Palestinian Authority jails and tortures LGBTs
Gay Palestinians appeal for international solidarity
BBC Radio 4, Monday 30 May 2005, 8.30 - 9pm GMT
Listen to the programme:
http://www.bbc.co.uk/radio4/factual/gay_divide.shtml
(available online only until Sunday 5 June 2005)
Please show solidarity with LGBT Palestinians. Help us end the homophobic persecution of Palestinian lesbians and gays.
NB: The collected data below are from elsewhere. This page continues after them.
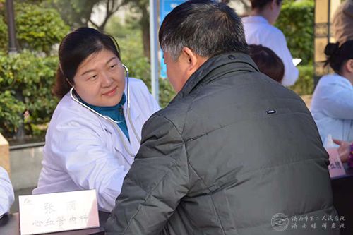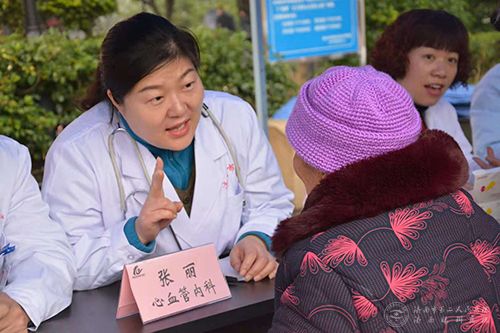 早上8点30分,义诊活动拉开了序幕。虽然气温较低,中间又下起了毛毛细雨,但是听说有山东专家参加义诊,打着雨伞前来参加义诊的市民依然络绎不绝。平日里热闹的广场,没有了欢歌,没有了舞步,取之而来的是百姓们期盼的驻足和有序的等待。作为赴重庆市武隆区进行健康扶贫的医疗专家团之一的张丽也参加了这次义诊活动。义诊中,她认真地为每一位前来问诊咨询的群众进行疾病咨询,积极普及医学常识和健康知识。一上午,张丽就接诊了30余人,用她的话说“居民们太热情了,下着雨都打着伞排队等。但发现的问题确实也很多,居民普遍缺乏健康意识,身体不舒服也不治疗,比如血压很高但只要没有影响到生活就不用药,糖尿病患者对饮食控制意识也比较差,这些问题都会严重影响人们的健康,需要进一步普及科普知识,让更多人知道如何合理的防病治病。”时间在忙碌中很多的过去了,几个小时张丽都忙得没抬起头,就诊群众连连称赞她的耐心细致。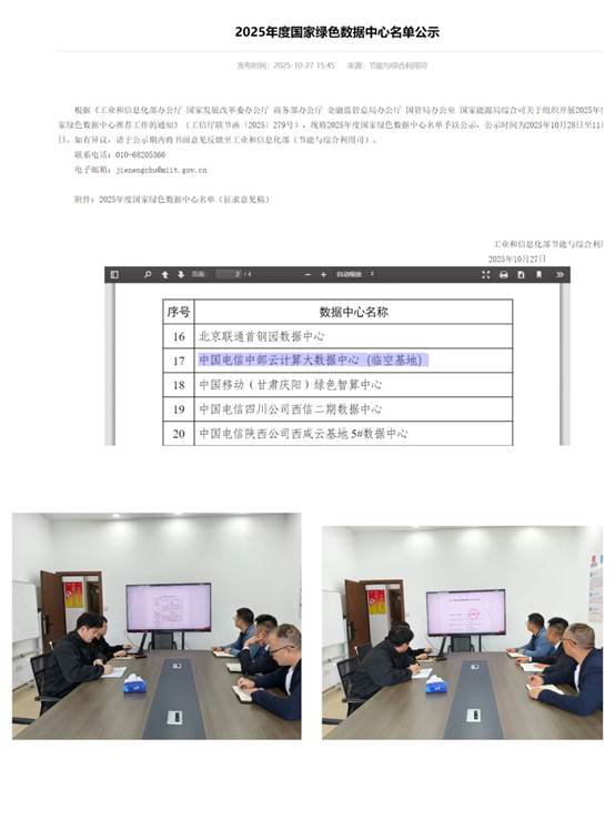 荣誉传来后,党员团队也并未停下脚步。复盘会上,大家明确将继续以“专业、高效、共赢”为行动指引,持续发挥党员先锋模范作用。同时此次“全省唯一”的荣誉,不仅是该数据中心绿色发展实力的集中彰显,更是党员攻坚团队助力数字基础设施绿色转型、服务国家“双碳”战略的有力见证。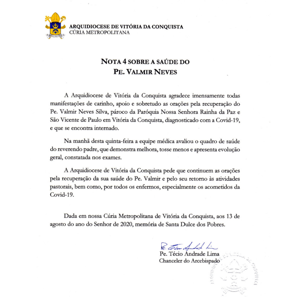 A Arquidiocese de Vitória da Conquista pede que continuem as orações pela recuperação da sua saúde do Pe. Valmir e pelo seu retorno às atividades pastorais, bem como, por todos os enfermos, especialmente os acometidos da Covid-19.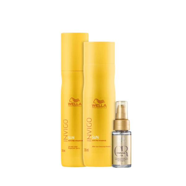 Proteja seus cabelos do sol com o kit Wella Sun! ☀️ Cabelos expostos ao sol, água do mar e cloro precisam de cuidados especiais. O kit Wella Sun, com shampoo, leave-in e óleo, é a solução completa para manter seus fios saudáveis, hidratados e protegidos dos danos causados pela radiação solar. Com fórmula exclusiva, rica em ingredientes nutritivos, ele limpa profundamente, hidrata intensamente e cria uma barreira protetora que impede o ressecamento e a descoloração dos fios. Ideal para quem busca cabelos radiantes e saudáveis durante todo o verão!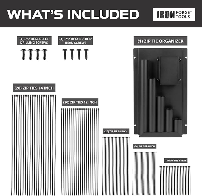 Iron Forge Tools Zip Tie Holder, Cable Tie Organizer for Enclosed Trailer Storage, Work Truck, Race Trailer & Garage Organization. Wall Mounted, Black Powder Coated Steel, Includes Mounting Hardware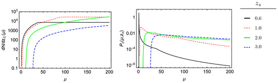 In Figure 7, we plot the same quantities for different values of the cosmological redshift of the source. At a low redshift, tends towards a constant at high magnification since we see all events (black curve, left panel). The product nearly tends towards a constant at high redshift which indicates that grows similarly to at high redshift (blue dashed curve, right panel).
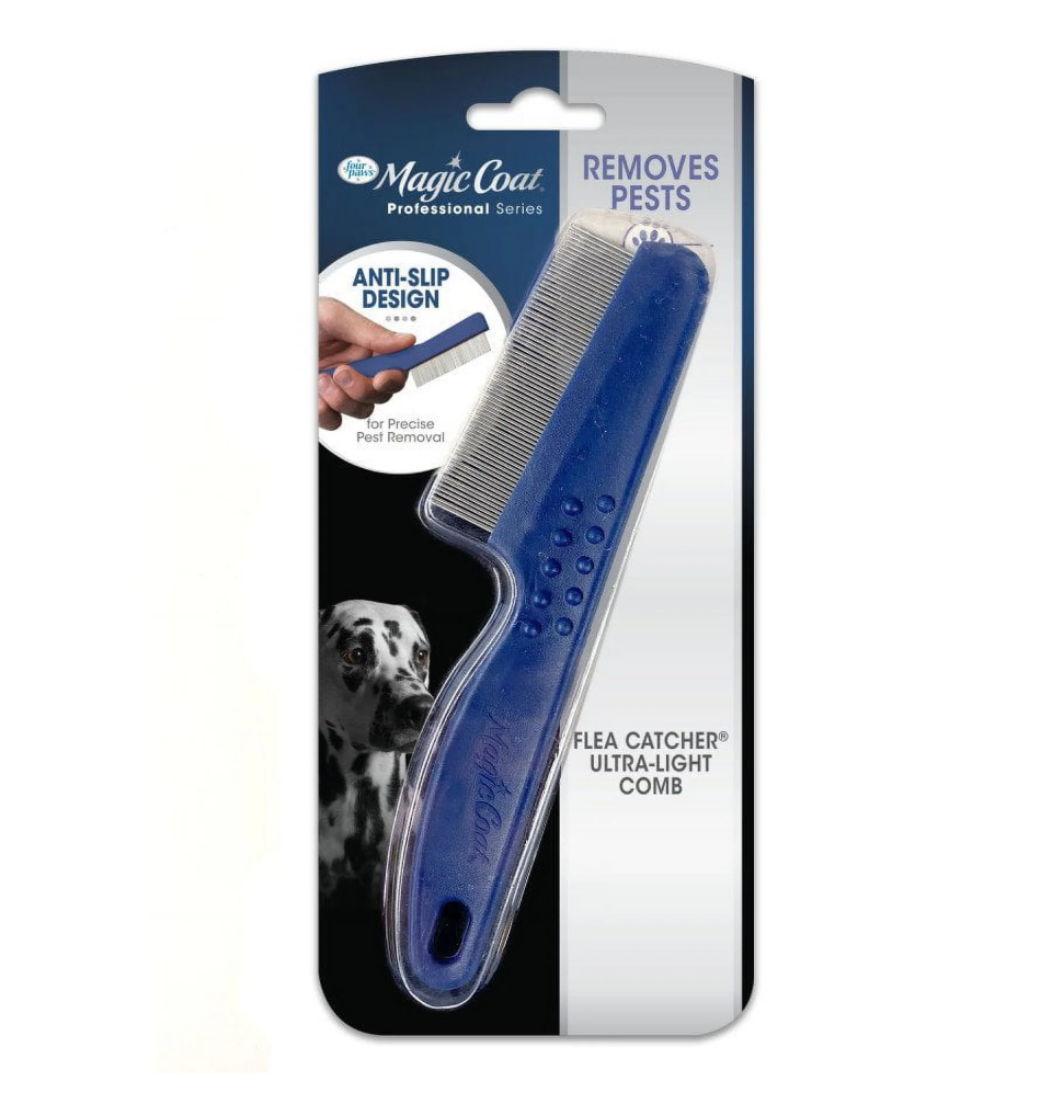 The Magic Coat Professional Series Palm Flea Comb is specifically contoured to fit into the palm of your hand for more comfortable dog brushing. Featuring stainless steel teeth, this comb easily removes fleas, ticks, and their eggs from your dog's coat. This compact flea remover for dogs features a non-slip pad for easier combing, and can reach where pests like to hide. Plus, this dog comb also removes pet dander for a happier pet and pet parent. Part of the Four Paws Pests collection, this dog grooming tool is the perfect complement to other Four Paws grooming products.

1) Email the UK representative of the Palestine Liberation
Organisation, Afif Safieh
Palestinianuk@aol.com
Or fax Mr Safieh on London 020 8563 0058 - from outside the UK +44 208 563 0058
2) Fax the President of the Palestinian Authority, Mahmoud Abbas, in Ramallah, on 00 9728 282 2365
Thank you for helping LGBT Palestinians.
If you want more information concerning homophobic persecution in the Palestinian territories, go to the OutRage! website:
www.outrage.org.uk
Then go to Briefings, then to Palestinian Gays.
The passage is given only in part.